If I wedge the dt rails in place, some of that end grain show and it'll look rough so I opt for the screws with plugs. Besides, over time, if and as the wood shrinks, could wind up loosening up and I don't people to have to think about that. I thought about tapered sliding dt's but I think the same issue could apply. 

I mainly do the m&t'd rails because I really like the end grain/edge grain contrast. I also bevel the recesses and the dt rails on the edges to make the joins pop out a bit more. 

I mostly use my table saw to cut these. Router and fence to clean up and make more precise. Still though, as expected, fittings can be a little difficult if you don't pay close attention during the process.


----------



## johnnie52 (Feb 16, 2009)

I agree. They look simple enough, but I'd still like to see how you did it.

Very nice benches! :thumbsup:


----------



## gideon (May 26, 2010)

Lately, I haven't been taking photos of any builds. I forget to do that and time is a factor right now as well. 

Next time I make one, I'll take photos and post them. 

But you guys have all pretty much summed up how I make them, router and fence setup, table saw, etc. I'll tell ya though, one mistake I made was using an edge guide with my router on a dovetail cut where the router and fence basically pinched in the workpiece... big effin mistake, that was no joke when it started to bind and kick back.


----------



## rrbrown (Feb 15, 2009)

Nice job, thanks for sharing.:thumbsup:


----------



## steaksauce (Apr 30, 2014)

Very cool, really like how these turned out and nicely done.


----------



## Burb (Nov 30, 2012)

I really like the design. I love the idea of sliding DTs and I hope to incorporate them into projects. It appears (at least to me) that the sliding DT was attached to the end of a different board? If I am correct, why did you choose to do this and how dod you attach the DT's to the other pieces?

Thanks.


----------



## gideon (May 26, 2010)

Burb said:


> I really like the design. I love the idea of sliding DTs and I hope to incorporate them into projects. It appears (at least to me) that the sliding DT was attached to the end of a different board? If I am correct, why did you choose to do this and how dod you attach the DT's to the other pieces?
> 
> Thanks.


The rails are glued to legs via a mortise and tenon join. I do this pretty much because I prefer the contrast of edge grain to end grain. Also, in the case of the walnut bench, the top overhang front to back is different to accommodate molding above the floor in my clients entry hall and I don't like notch cutting things like this. To me, this is cleaner and more "complete".


----------



## michaelpugh (Dec 31, 2013)

Love them very cool. Nicely done.


----------



## Burb (Nov 30, 2012)

gideon said:


> The rails are glued to legs via a mortise and tenon join. I do this pretty much because I prefer the contrast of edge grain to end grain. Also, in the case of the walnut bench, the top overhang front to back is different to accommodate molding above the floor in my clients entry hall and I don't like notch cutting things like this. To me, this is cleaner and more "complete".
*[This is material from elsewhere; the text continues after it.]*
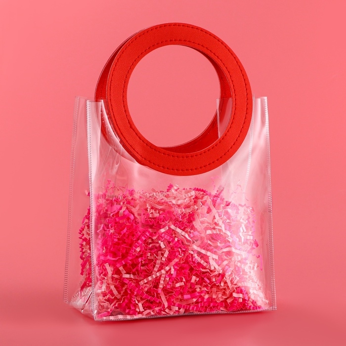 - Прозрачная сумочка с фигурной ручкой идеально подходит для различных видов подарков, начиная от косметики и заканчивая небольшими предметами интерьера.

That makes sense. Thanks for explaining why you did it. Helps me understand things in designing my own stuff, though most stuff never gets out of my head


----------



## Travico (Dec 25, 2012)

I really like the build of the benches. You have given me a DOVETAIL idea I hadn't thought of yet.


----------



## gideon (May 26, 2010)

Travico said:


> I really like the build of the benches. You have given me a DOVETAIL idea I hadn't thought of yet.


It's a Japanese technique. I saw a guy from Japan join a top to a base this way. The video didn't show how he did it. I still don't know his method but mine works just fine.


----------



## Fishinbo (Jul 23, 2012)

The sliding dovetails look neat. That is one sweet piece of work.


----------